- **WORKING DATA**
-=-=-

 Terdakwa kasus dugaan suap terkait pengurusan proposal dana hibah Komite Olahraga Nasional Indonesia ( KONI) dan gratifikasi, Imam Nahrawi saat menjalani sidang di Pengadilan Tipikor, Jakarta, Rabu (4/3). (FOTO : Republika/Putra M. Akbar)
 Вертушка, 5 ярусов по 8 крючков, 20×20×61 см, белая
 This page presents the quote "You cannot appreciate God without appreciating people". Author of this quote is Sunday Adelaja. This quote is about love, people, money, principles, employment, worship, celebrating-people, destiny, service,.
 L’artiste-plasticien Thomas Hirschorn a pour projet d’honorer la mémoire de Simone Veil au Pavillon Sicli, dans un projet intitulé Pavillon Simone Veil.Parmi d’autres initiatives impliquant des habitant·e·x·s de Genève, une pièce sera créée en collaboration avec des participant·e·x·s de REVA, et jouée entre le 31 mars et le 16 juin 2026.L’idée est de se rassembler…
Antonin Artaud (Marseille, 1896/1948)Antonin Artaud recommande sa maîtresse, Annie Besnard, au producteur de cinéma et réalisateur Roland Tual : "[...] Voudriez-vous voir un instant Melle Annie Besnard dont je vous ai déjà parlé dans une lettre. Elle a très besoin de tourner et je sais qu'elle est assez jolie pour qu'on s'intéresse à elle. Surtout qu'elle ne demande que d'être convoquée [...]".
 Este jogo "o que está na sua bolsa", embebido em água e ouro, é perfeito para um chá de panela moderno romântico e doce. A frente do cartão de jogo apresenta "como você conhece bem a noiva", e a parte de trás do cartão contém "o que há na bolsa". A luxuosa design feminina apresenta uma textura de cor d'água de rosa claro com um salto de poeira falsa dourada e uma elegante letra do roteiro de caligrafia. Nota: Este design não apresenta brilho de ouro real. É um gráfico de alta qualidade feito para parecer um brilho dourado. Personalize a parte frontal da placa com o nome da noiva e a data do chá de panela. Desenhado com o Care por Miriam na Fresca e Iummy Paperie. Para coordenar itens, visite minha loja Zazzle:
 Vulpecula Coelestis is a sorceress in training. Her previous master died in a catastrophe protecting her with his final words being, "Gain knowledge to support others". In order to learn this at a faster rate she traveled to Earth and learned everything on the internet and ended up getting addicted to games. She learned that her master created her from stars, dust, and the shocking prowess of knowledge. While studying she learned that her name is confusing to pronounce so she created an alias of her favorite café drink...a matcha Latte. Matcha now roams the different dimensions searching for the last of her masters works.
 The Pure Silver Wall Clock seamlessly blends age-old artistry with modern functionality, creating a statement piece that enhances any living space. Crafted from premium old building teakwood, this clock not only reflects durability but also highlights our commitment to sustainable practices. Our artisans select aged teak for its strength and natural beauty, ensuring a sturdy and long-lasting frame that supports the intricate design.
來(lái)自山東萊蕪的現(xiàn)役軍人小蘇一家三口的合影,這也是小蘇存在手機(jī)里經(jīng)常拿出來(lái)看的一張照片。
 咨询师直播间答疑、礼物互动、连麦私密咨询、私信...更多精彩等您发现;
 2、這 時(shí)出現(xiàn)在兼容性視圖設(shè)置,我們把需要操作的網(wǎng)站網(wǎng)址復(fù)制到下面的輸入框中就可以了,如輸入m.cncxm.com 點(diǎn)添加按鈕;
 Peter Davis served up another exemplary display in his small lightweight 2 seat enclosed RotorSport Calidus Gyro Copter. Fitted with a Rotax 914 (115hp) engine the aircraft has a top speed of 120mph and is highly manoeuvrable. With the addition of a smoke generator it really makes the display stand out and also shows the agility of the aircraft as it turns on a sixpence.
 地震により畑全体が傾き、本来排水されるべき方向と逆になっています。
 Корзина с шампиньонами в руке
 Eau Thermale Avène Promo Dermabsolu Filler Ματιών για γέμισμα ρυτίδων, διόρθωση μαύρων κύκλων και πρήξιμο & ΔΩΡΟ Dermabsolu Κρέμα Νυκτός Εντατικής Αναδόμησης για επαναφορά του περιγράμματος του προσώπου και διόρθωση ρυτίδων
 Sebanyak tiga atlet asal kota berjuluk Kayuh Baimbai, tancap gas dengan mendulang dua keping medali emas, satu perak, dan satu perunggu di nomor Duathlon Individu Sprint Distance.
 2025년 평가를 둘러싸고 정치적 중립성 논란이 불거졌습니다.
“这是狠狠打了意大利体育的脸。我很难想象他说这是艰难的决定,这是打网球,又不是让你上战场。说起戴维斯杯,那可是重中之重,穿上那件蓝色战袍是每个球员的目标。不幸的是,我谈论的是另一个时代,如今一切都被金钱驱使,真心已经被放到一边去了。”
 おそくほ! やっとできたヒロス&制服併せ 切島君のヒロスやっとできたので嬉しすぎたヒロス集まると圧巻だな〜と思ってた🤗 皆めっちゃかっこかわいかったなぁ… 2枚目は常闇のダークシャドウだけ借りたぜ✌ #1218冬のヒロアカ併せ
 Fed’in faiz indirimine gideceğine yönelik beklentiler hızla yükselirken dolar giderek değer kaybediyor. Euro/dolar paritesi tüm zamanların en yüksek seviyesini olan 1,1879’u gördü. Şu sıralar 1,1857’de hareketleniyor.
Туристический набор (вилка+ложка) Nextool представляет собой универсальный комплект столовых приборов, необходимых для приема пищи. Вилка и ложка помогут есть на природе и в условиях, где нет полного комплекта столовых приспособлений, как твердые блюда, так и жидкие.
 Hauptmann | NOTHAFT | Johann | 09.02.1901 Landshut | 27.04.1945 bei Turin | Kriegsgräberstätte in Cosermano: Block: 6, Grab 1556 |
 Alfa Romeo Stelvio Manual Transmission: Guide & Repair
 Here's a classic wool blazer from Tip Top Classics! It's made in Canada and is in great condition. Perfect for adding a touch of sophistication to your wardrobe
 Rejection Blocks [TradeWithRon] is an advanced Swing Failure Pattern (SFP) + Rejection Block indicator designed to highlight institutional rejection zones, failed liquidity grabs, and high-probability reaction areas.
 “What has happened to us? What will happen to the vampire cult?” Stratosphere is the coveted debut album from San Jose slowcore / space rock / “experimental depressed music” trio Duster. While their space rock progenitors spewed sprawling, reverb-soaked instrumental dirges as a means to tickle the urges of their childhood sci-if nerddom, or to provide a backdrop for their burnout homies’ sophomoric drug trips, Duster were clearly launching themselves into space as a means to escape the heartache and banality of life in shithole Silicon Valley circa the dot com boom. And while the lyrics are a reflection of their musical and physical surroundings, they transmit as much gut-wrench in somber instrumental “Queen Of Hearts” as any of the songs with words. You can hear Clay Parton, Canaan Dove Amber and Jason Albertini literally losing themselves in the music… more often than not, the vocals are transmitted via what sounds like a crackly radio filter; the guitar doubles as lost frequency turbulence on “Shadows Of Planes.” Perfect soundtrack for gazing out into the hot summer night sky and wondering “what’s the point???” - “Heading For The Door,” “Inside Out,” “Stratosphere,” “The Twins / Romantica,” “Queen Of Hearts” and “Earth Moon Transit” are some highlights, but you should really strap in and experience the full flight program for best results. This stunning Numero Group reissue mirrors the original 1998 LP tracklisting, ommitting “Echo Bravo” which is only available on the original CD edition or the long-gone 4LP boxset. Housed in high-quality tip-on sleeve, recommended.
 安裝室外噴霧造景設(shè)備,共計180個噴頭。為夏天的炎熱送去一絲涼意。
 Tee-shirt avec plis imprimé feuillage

-=-=-

- **ABOUT THIS EXERCISE**
Beginning with the line containing "安裝室外噴霧造景設(shè)備,共計180個噴頭。為夏天的炎熱送去一絲涼意。", repeat each line of the listing above, exactly, through the last one, and stop there.

- **EXERCISE RESULT**
 安裝室外噴霧造景設(shè)備,共計180個噴頭。為夏天的炎熱送去一絲涼意。
 Tee-shirt avec plis imprimé feuillage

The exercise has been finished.